MATERIALS PROVIDED Start Marker

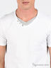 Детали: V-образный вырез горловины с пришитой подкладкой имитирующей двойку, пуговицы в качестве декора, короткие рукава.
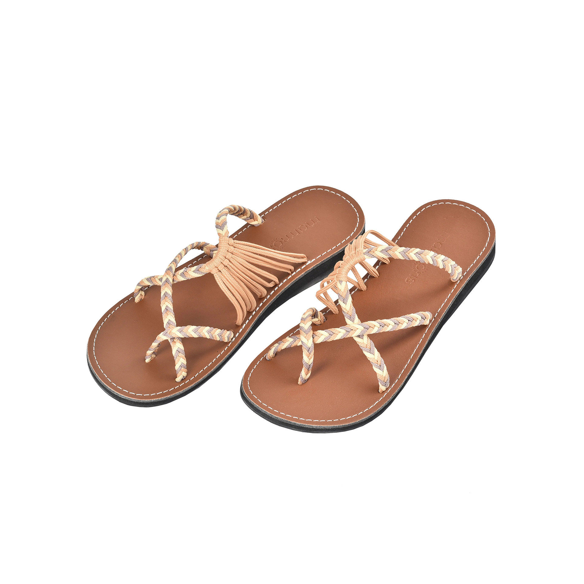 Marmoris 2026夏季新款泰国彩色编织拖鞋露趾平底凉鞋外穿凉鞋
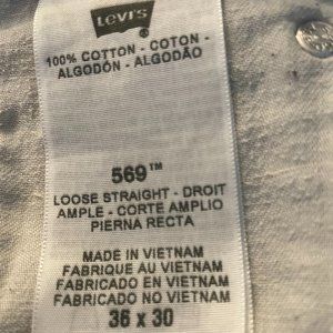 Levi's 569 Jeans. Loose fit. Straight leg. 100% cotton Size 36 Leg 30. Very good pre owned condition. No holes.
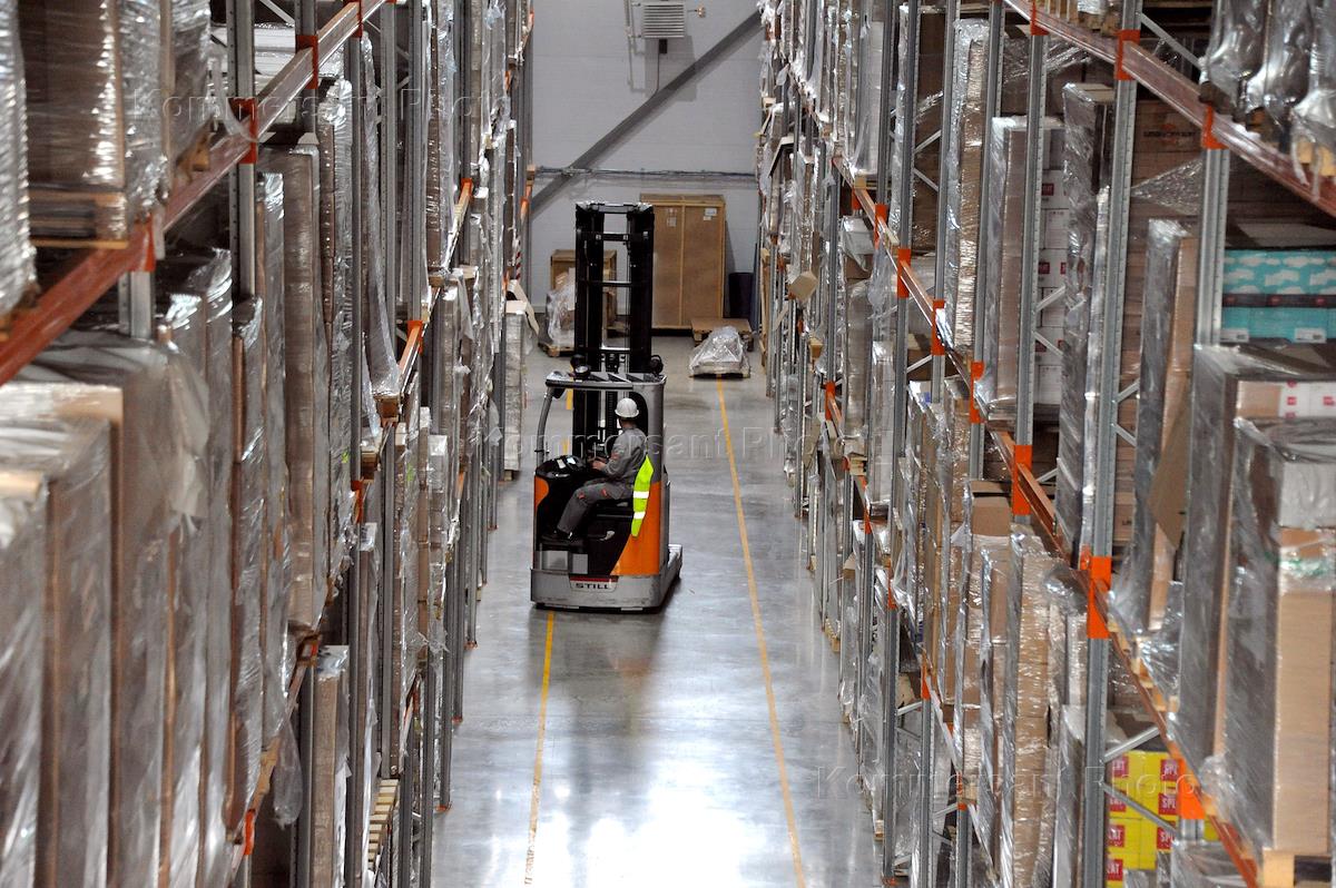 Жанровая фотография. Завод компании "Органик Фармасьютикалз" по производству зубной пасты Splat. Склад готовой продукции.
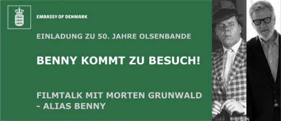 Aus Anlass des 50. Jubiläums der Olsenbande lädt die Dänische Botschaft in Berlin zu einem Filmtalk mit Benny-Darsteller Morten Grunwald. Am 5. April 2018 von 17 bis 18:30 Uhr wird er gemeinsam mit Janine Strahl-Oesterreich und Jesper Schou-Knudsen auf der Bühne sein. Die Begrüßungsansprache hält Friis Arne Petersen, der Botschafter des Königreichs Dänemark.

MATERIALS PROVIDED End Marker

--- EXERCISE DIRECTIONS ---
Please transcribe exactly the part of the records that opens with the line containing "Marmoris 2026夏季新款泰国彩色编织拖鞋露趾平底凉鞋外穿凉鞋" and closes with the line containing "Жанровая фотография. Завод", both ends included, and leave out the pictures.

--- ANSWER TO THIS TASK ---
 Marmoris 2026夏季新款泰国彩色编织拖鞋露趾平底凉鞋外穿凉鞋
 Levi's 569 Jeans. Loose fit. Straight leg. 100% cotton Size 36 Leg 30. Very good pre owned condition. No holes.
 Жанровая фотография. Завод компании "Органик Фармасьютикалз" по производству зубной пасты Splat. Склад готовой продукции.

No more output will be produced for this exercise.